Your task - A verbatim transcription of the listing below is required, without its pictures.
◇ ◇ ◇ ◇ ◇ ◇ ◇
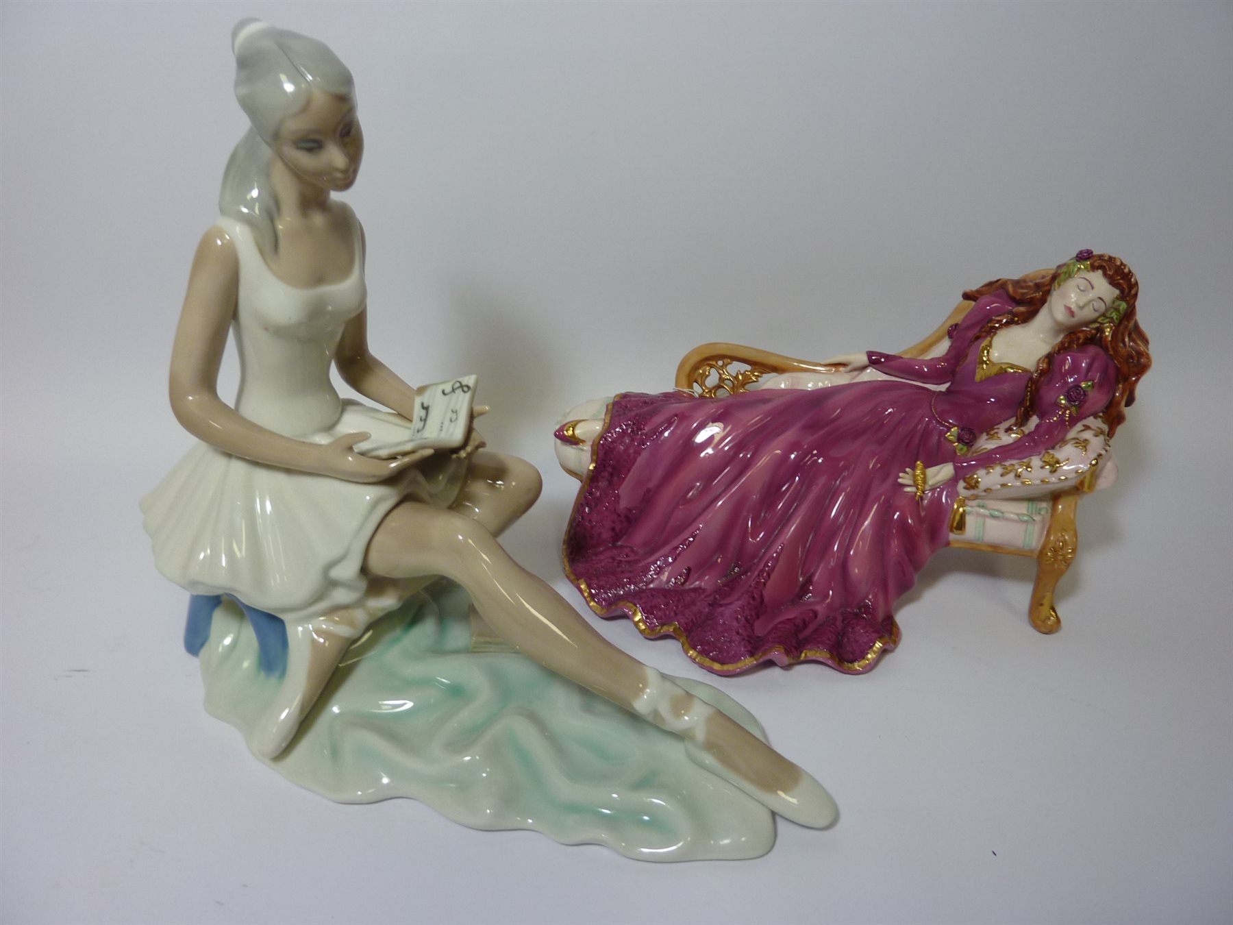 Franklin Mint 'Sleeping Beauty' figure and a Tengra Lladro style ballerina (2)
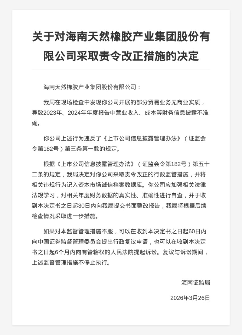 原标题:海南天然橡胶集团被责令改正,涉信息披露不准确
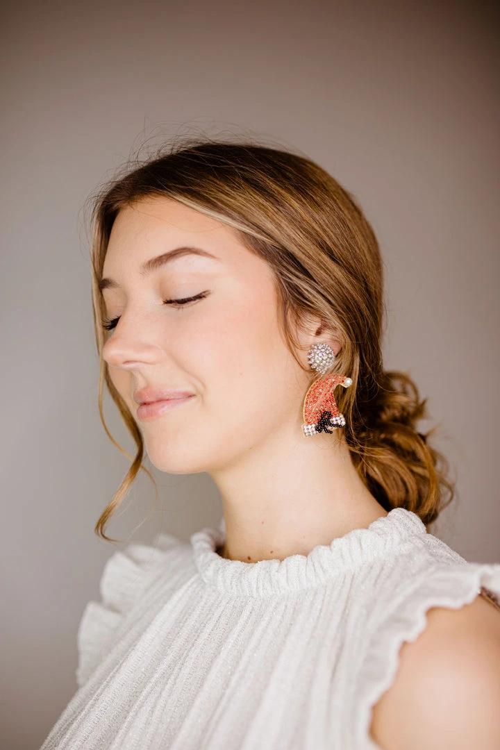 - Elevate your holiday style with these stunning Golden Stella Crystal Santa Hat Earrings. Featuring sparkling crystals and a festive Santa hat design, these earrings are perfect for Christmas parties, family gatherings, or adding a touch of holiday cheer to your everyday look.
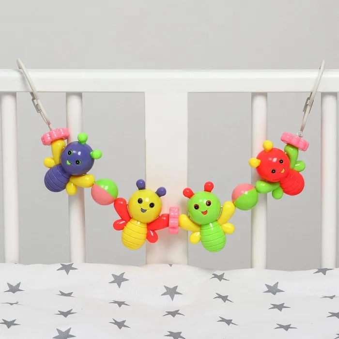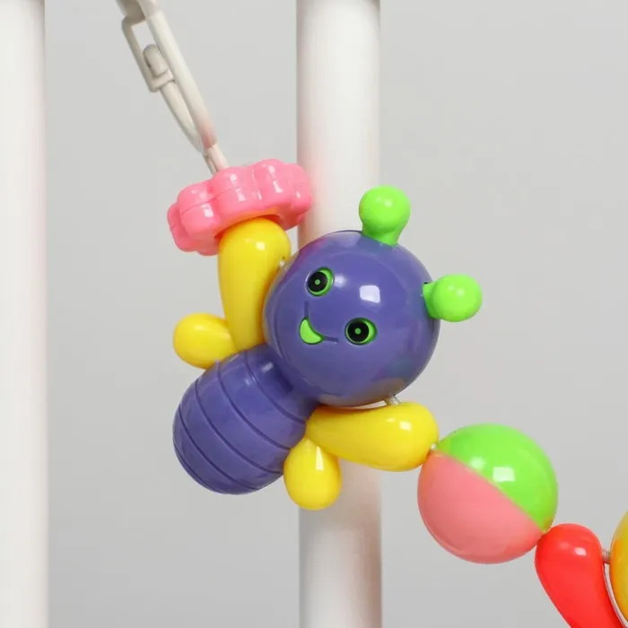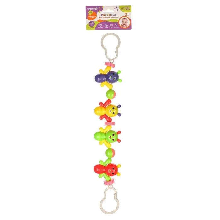 Яркая погремушка-растяжка оснащена удобными креплениями, которые подойдут практически для любого типа коляски, кроватки и даже автокресла.
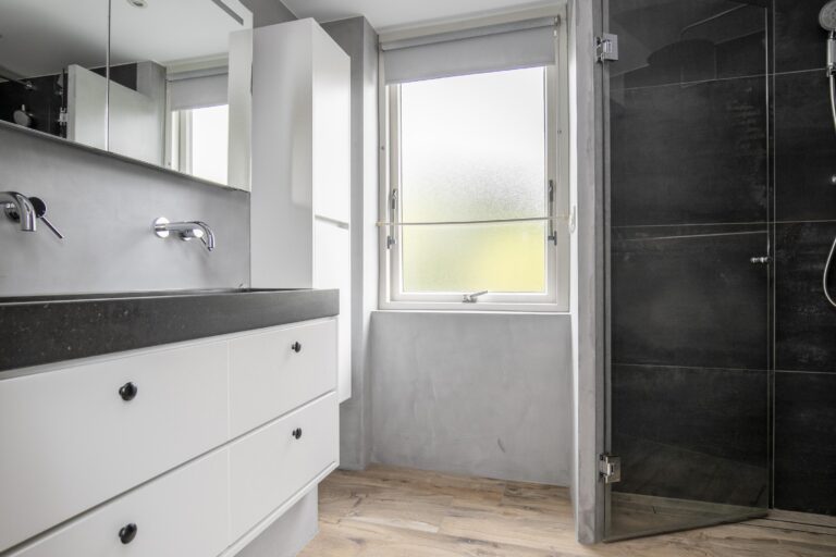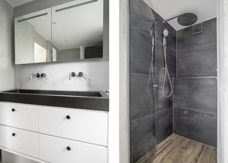 Drie slaapkamers en badkamer met toilet, douche, wastafelmeubel én vloerverwarming.
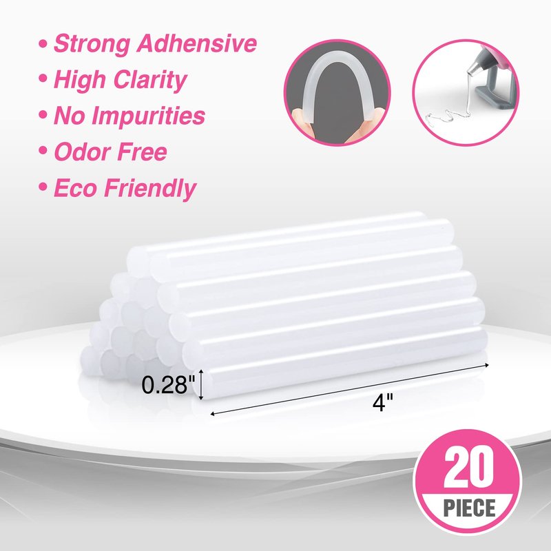 - Mini Glue Sticks: Coming with 20pcs environmental-friendly and strong-adhesive glue sticks of 0.28''(Diameter)x4''(Length), which can well protect your health and items. Attention that do not pull out the melted glue stick after work, keep it inside for next use, otherwise it will damage the glue gun
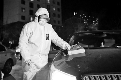 12月7日,在满洲里市湖滨小区,水务公司工作人员王宝强为居民充值水卡。内蒙古自治区满洲里市的夜晚,有许多人坚守在疫情防控一线。他们不惧寒冷,在不同的岗位上释放着“光与热”,为防控疫情作出自己的贡献。
◇ ◇ ◇ ◇ ◇ ◇ ◇
Exercise answer -
 Franklin Mint 'Sleeping Beauty' figure and a Tengra Lladro style ballerina (2)
 原标题:海南天然橡胶集团被责令改正,涉信息披露不准确
 - Elevate your holiday style with these stunning Golden Stella Crystal Santa Hat Earrings. Featuring sparkling crystals and a festive Santa hat design, these earrings are perfect for Christmas parties, family gatherings, or adding a touch of holiday cheer to your everyday look.
 Яркая погремушка-растяжка оснащена удобными креплениями, которые подойдут практически для любого типа коляски, кроватки и даже автокресла.
 Drie slaapkamers en badkamer met toilet, douche, wastafelmeubel én vloerverwarming.
 - Mini Glue Sticks: Coming with 20pcs environmental-friendly and strong-adhesive glue sticks of 0.28''(Diameter)x4''(Length), which can well protect your health and items. Attention that do not pull out the melted glue stick after work, keep it inside for next use, otherwise it will damage the glue gun
 12月7日,在满洲里市湖滨小区,水务公司工作人员王宝强为居民充值水卡。内蒙古自治区满洲里市的夜晚,有许多人坚守在疫情防控一线。他们不惧寒冷,在不同的岗位上释放着“光与热”,为防控疫情作出自己的贡献。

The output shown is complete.